─── Supplied data ───

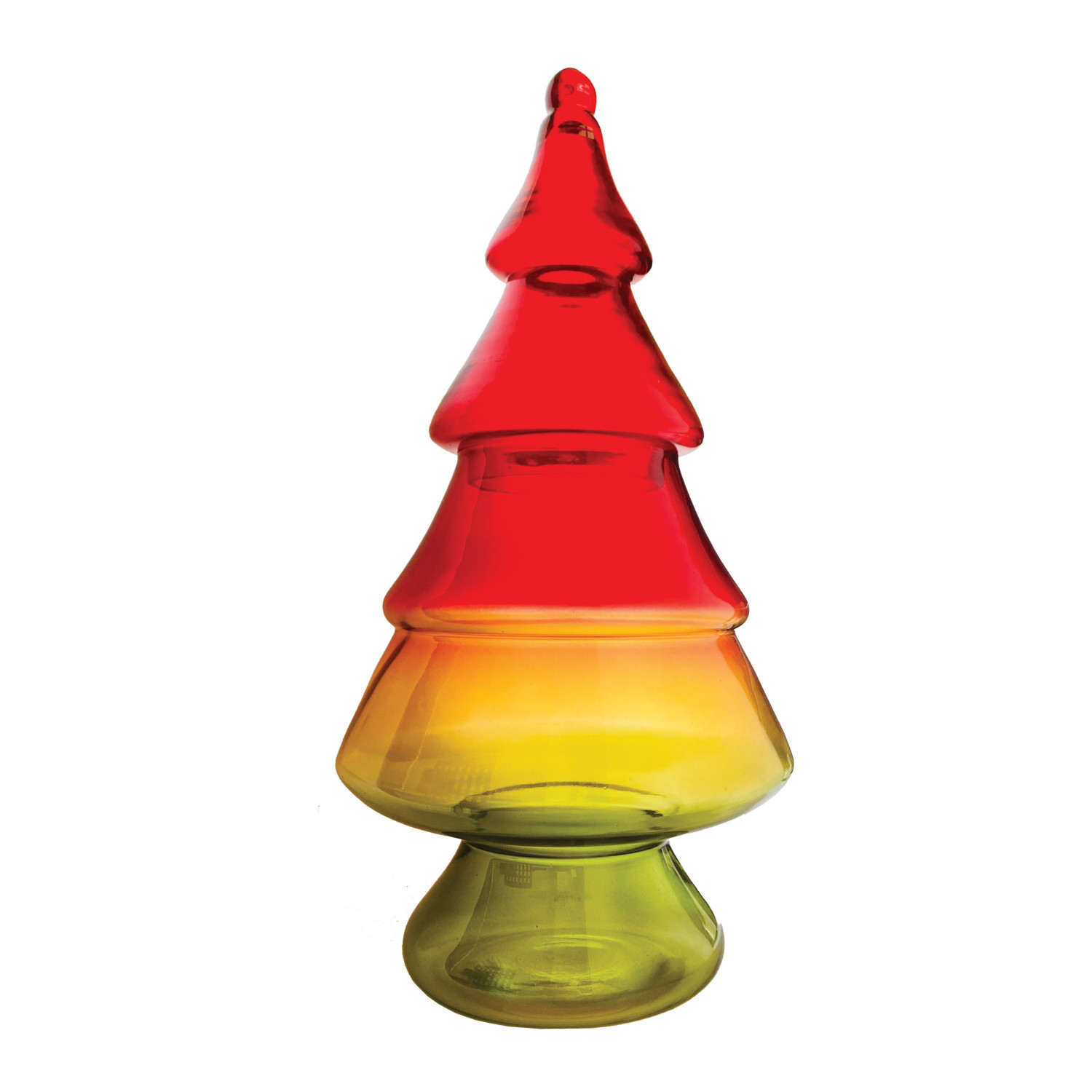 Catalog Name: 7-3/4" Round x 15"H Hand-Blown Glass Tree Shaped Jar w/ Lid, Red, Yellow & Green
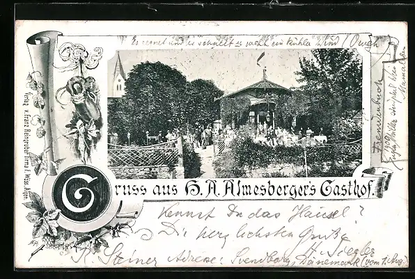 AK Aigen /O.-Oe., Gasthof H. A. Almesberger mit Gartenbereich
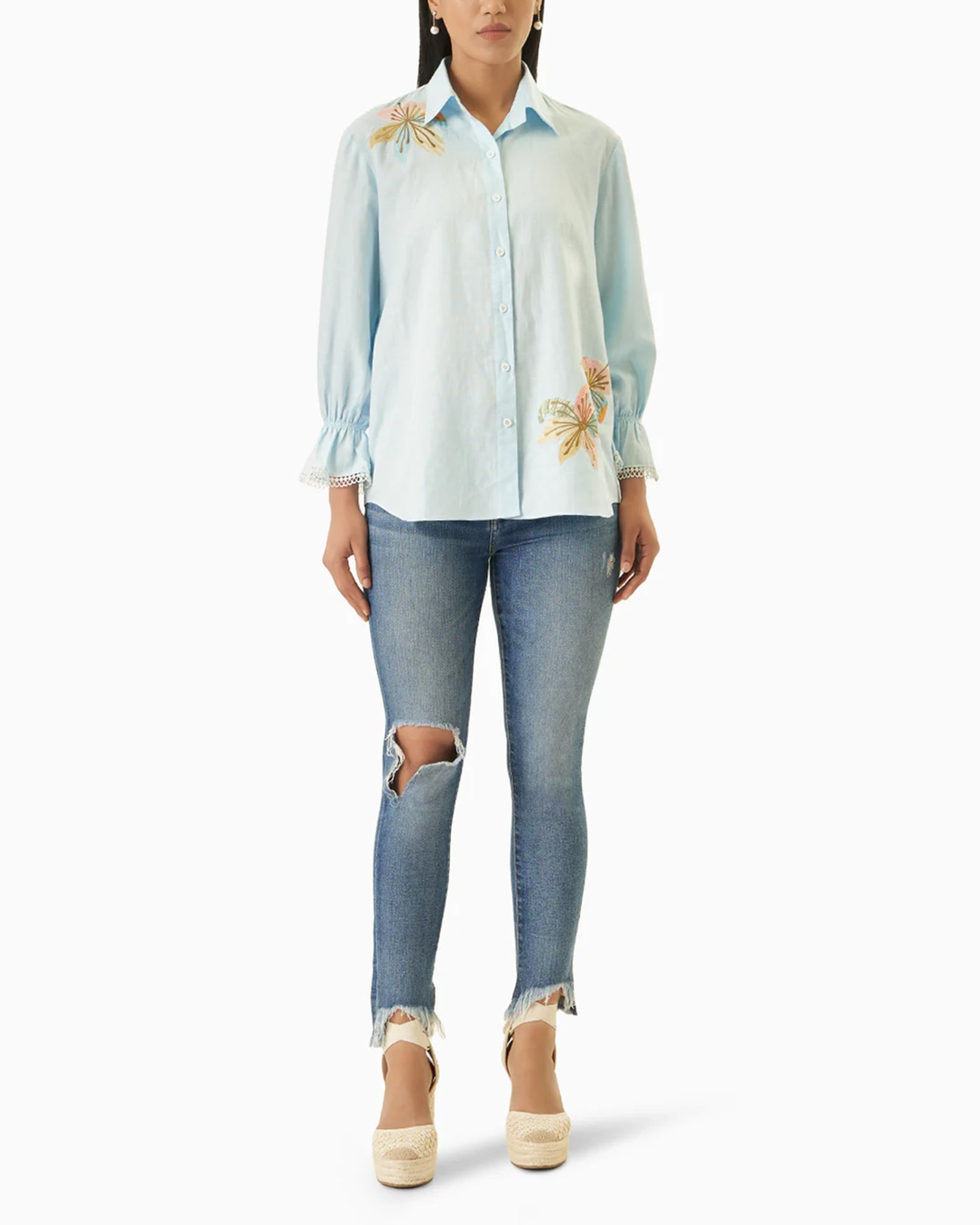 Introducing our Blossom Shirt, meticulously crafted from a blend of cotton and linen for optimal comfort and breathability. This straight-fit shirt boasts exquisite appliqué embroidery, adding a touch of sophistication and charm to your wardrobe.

───

Work required -> Every line from the one containing "AK Aigen /O.-Oe., Gasthof" through the last line of the listing must be written out again exactly, and no other line. Leave the pictures aside.

Response area ->
 AK Aigen /O.-Oe., Gasthof H. A. Almesberger mit Gartenbereich
 Introducing our Blossom Shirt, meticulously crafted from a blend of cotton and linen for optimal comfort and breathability. This straight-fit shirt boasts exquisite appliqué embroidery, adding a touch of sophistication and charm to your wardrobe.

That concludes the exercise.